Ивлин хотела ответить Минерве. Хотела задать ей так много вопросов в этом тихом, умиротворенном месте, где не было ни боли, ни страха. Но почему-то она не могла издать ни звука. Ветер немного усилился, заставляя снежную завесу под крутым углом бросаться на колышущиеся ветви деревьев.

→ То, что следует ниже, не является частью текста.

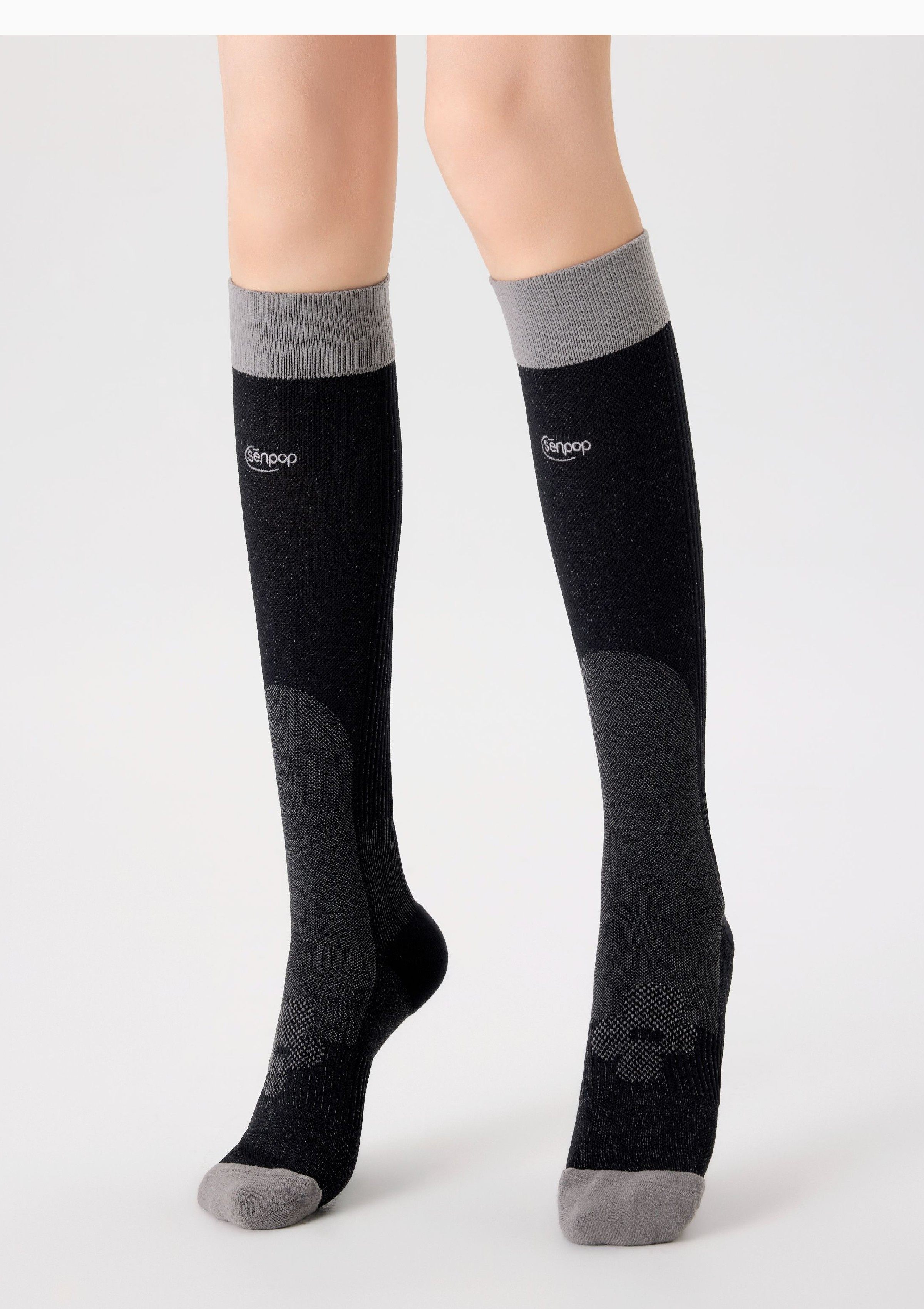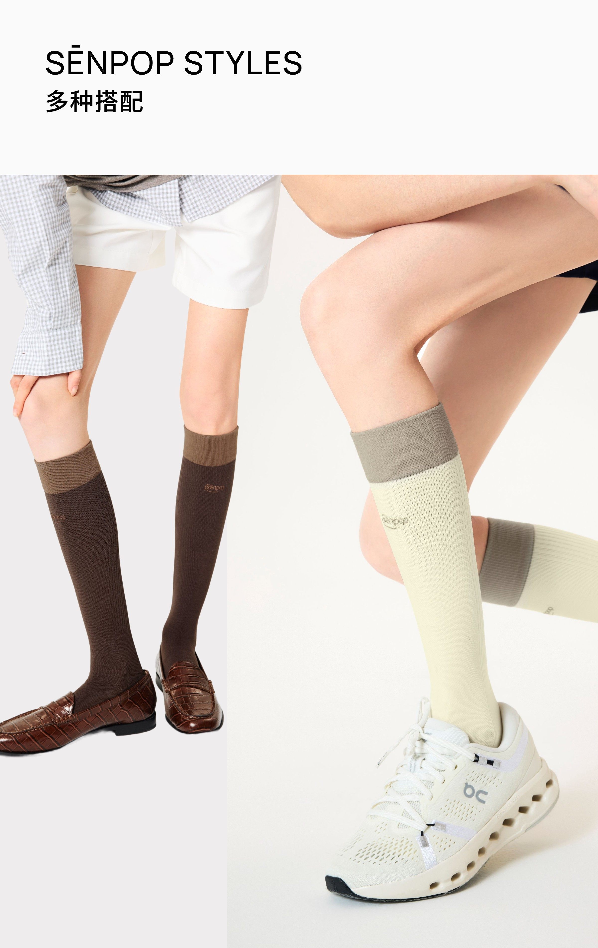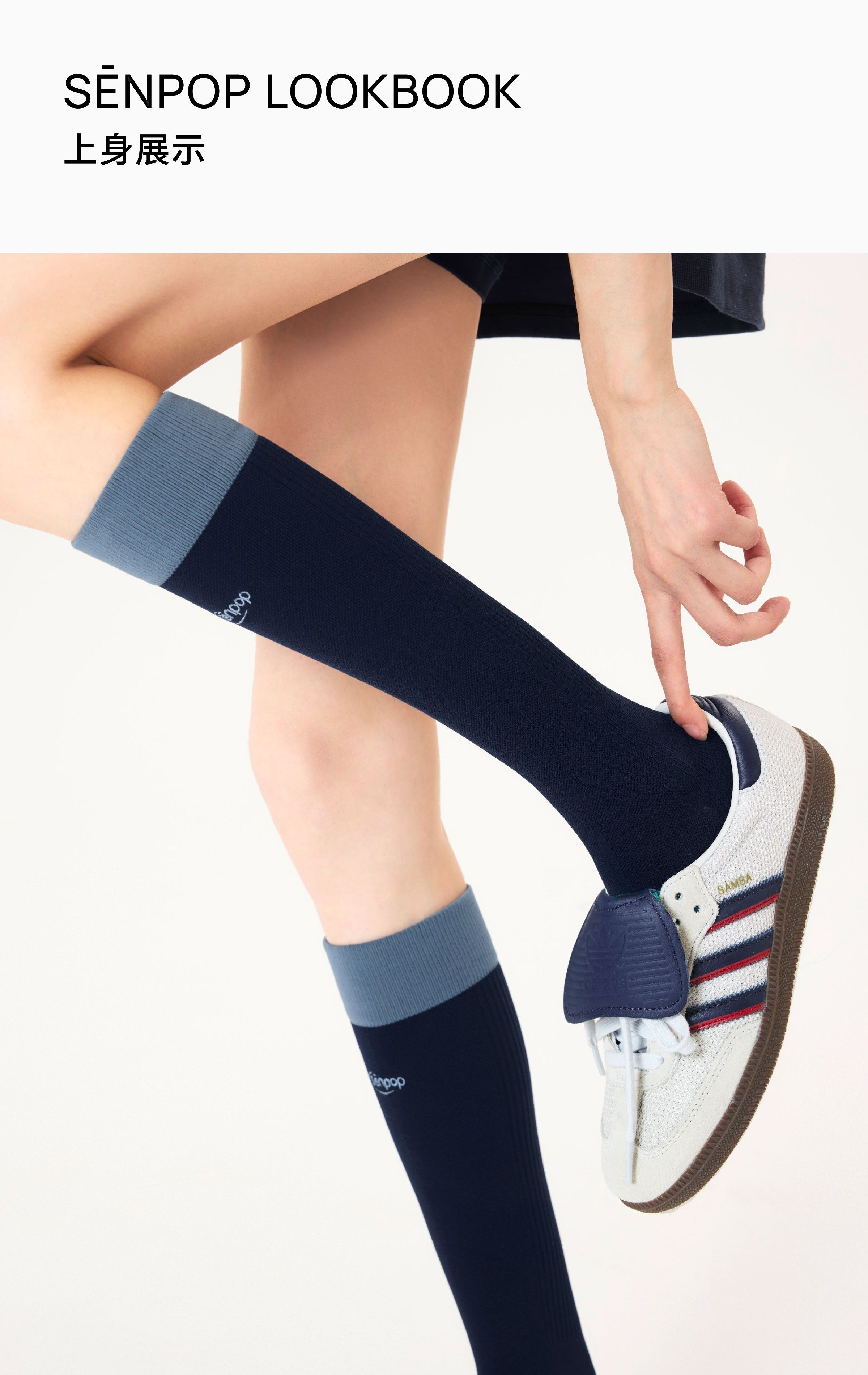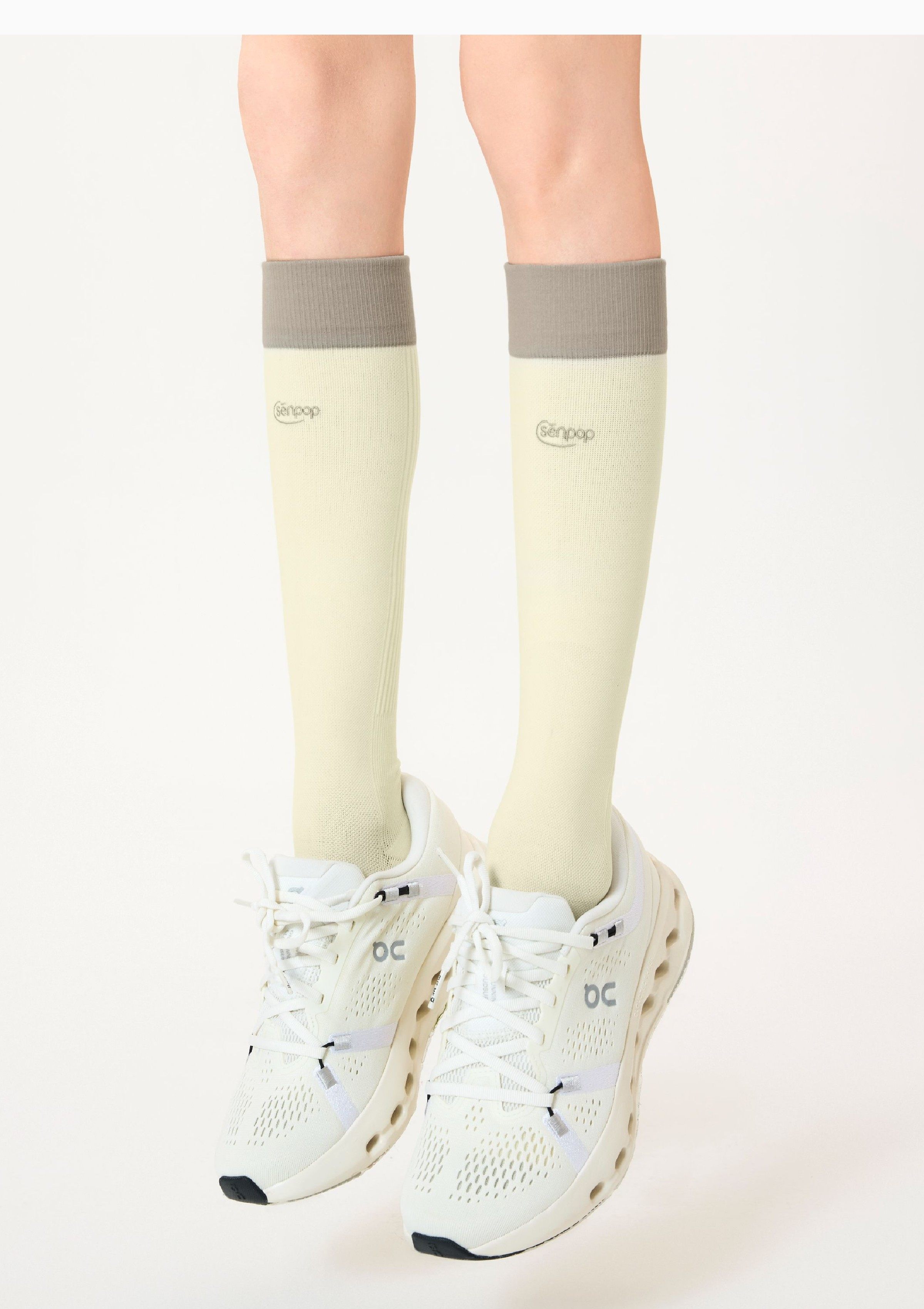 上森運動壓力襪健身騎行小腿襪登山網球彈力襪徒步紫色長筒襪夏女

– Я хочу поблагодарить тебя, Ив, – говорила Минерва. – С тех пор как у меня забрали моего мужчину и ребенка, я отдала себя людям. Всю свою жизнь я отдавала, чтобы не сломаться от горя и не чувствовать пустоту в сердце. Я пообещала Ронану, что сохраню нашу любовь, и рада, что мне удалось это сделать. Я дома, – таинственно продолжила Минерва. – Мой сын знает меня. И он любим. Скоро я стану свободной. – Она опять посмотрела в ее сторону, где кружились снежинки. – Люби его, Ив. Люби их всех. Мы с тобой пришли сюда вдвоем, и каждая из нас, казалось бы, была в полном одиночестве. Но на самом деле это не так. – Она приложила руку к груди. – За каждое твое страдание я втройне воздам любовью. За каждую потерю одарю новым сокровищем. За каждую слезу пошлю две улыбки. – Она остановилась. – Люби их всех. Вместо меня. Я отдала их тебе в ту ночь, когда покинула эту землю. Ты помнишь? Кровь на твоей губе? – Минерва кивнула. – Тебе еще долго будет больно, но… люби их. Каждый из них – это дар.